VOTO ELETRÔNICO E FRAUDE (2)

 

José Rodrigues Filho*

 

O debate sobre a confiabilidade das urnas eletrônicas continua acirrado nos Estados Unidos, o que parece inibir uma eleição eletrônica naquele país. De um lado, cientistas e acadêmicos da área de computação apontando a vulnerabilidade das urnas eletrônicas e, de outro, o poderio da indústria de software defendendo seus interesses.  No Brasil, parte da comunidade científica até que tentou levar o assunto ao debate público, mas a tentativa foi fracassada, uma vez que tanto o Congresso Nacional como a Justiça Eleitoral enterraram as tentativas de se debater o assunto, que visavam eliminar os riscos de fraudes. Neste sentido, as tentativas de tornar o voto eletrônico mais seguro, através de mecanismos de impressão, permitindo a de recontagem, foram eliminadas.

O que se defende neste texto é que o debate sobre o voto eletrônico precisa ser ampliado além do ponto de vista técnico (falhas da tecnologia). É preciso compreender que o escopo do debate sobre as infra-estruturas tecnológicas vem se ampliando para incluir considerações econômicas, sociais e culturais, encapsuladas no conceito de sociedade da informação. Ademais, não se pode ignorar a natureza essencialmente social (não individual) de votar e a natureza cultural do processo de votação como um ritual simbólico, onde a cabine de pano parece estar mais relacionada com as tradições do nosso processo político do que uma urna eletrônica. Em resumo, é preciso colocar o voto eletrônico no seu devido lugar.

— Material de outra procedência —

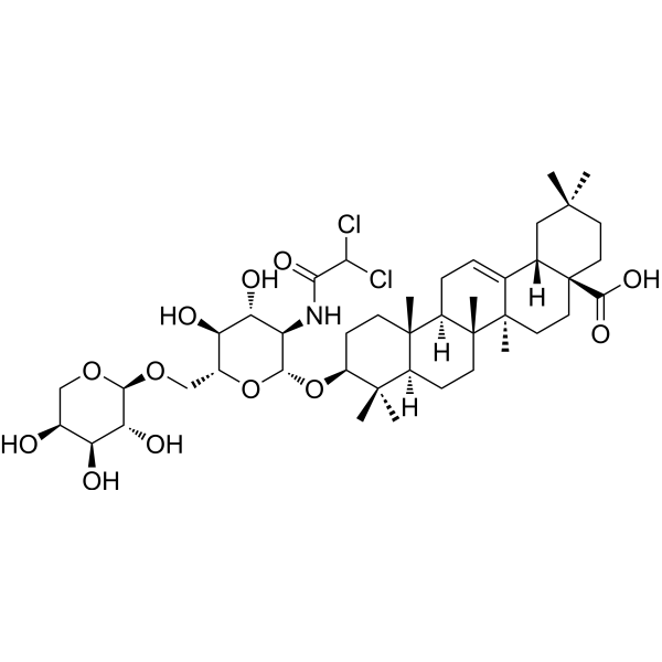 AlbA-DCA 是一种缀合物,是通过 Albiziabioside A (AlbA) 连接至二氯乙酸 (DCA) 亚基形成的。AlbA-DCA 可以诱导细胞内 ROS 显着增加,并减轻乳酸在肿瘤微环境中的积累,还可以选择性杀死癌细胞并诱导凋亡。

O fato de que milhares de analfabetos brasileiros, muitos deles vivendo abaixo da linha de pobreza, tiveram uma experiência que poucas pessoas da burguesa do primeiro mundo já tiveram – votar eletronicamente  - é um fenômeno que merece uma análise mais aprofundada. Do ponto de vista da democracia, precisa-se estudar a contribuição de uma eleição eletrônica para o país?

Neste sentido, as críticas ao voto eletrônico não podem simplesmente limitar-se às falhas técnicas, como sempre tem acontecido, mas envolver questões econômicas, culturais e sociais, uma vez que o voto eletrônico, principalmente o realizado de forma remota ou online (internet), é um tipo de voto que pode exacerbar o individualismo dos últimos tempos e frustrar as funções básicas da democracia. Na discussão de métodos de votação deve-se tentar responder a seguinte questão : Qual o método que oferece mais benefício?

O custo do voto eletrônico, que é considerado muito elevado em relação ao voto tradicional, precisa ser discutido. Num próximo texto, os gastos com o voto eletrônico no Brasil serão explorados, uma vez que superam os gastos de muitos programas sociais. Será que os benefícios não seriam maiores se tais gastos fossem utilizados em programas sociais destinados a atender milhares de analfabetos, que são forçados a votarem eletronicamente? Recentemente,  um representante do governo canadense foi indagado sobre a possibilidade de uma eleição eletrônica naquele país. A resposta dada foi a de que, primeiramente, seria necessário avaliar seus custos. Em seguida foi afirmado que, por questões culturais, possivelmente o povo canadense não aceitasse votar eletronicamente.

Os gastos em tecnologia da informação para as eleições eletrônicas no Brasil estão acontecendo sem que se tenha uma explicação adequada. A  sensibilidade da Justiça Eleitoral tanto com as questões de segurança quanto com os custos do voto eletrônico precisa ser bem evidenciada, sobretudo diante das precárias condições sociais da nossa população. Infelizmente fica evidenciado que o determinismo tecnológico parece ter prevalecido nas decisões do voto eletrônico no Brasil.

Não há dúvidas de que o voto eletrônico atende aos interesses das grandes corporações internacionais, sem benefícios visíveis para a sociedade. A Justiça Eleitoral precisa demonstrar, mais do que qualquer outro órgão da administração pública, sua visão social da tecnologia. Do contrário, somos levados a questionar: Que justiça é essa?

 

* -  José Rodrigues Filho é professor do Departamento de Administração da UFPB. Foi Pesquisador Visitante e Takemi Fellow pela Universidade de Harvard. Doutorado pela Universidade de Manchester e Pós-doutorado pela Universidade de Johns Hopkins.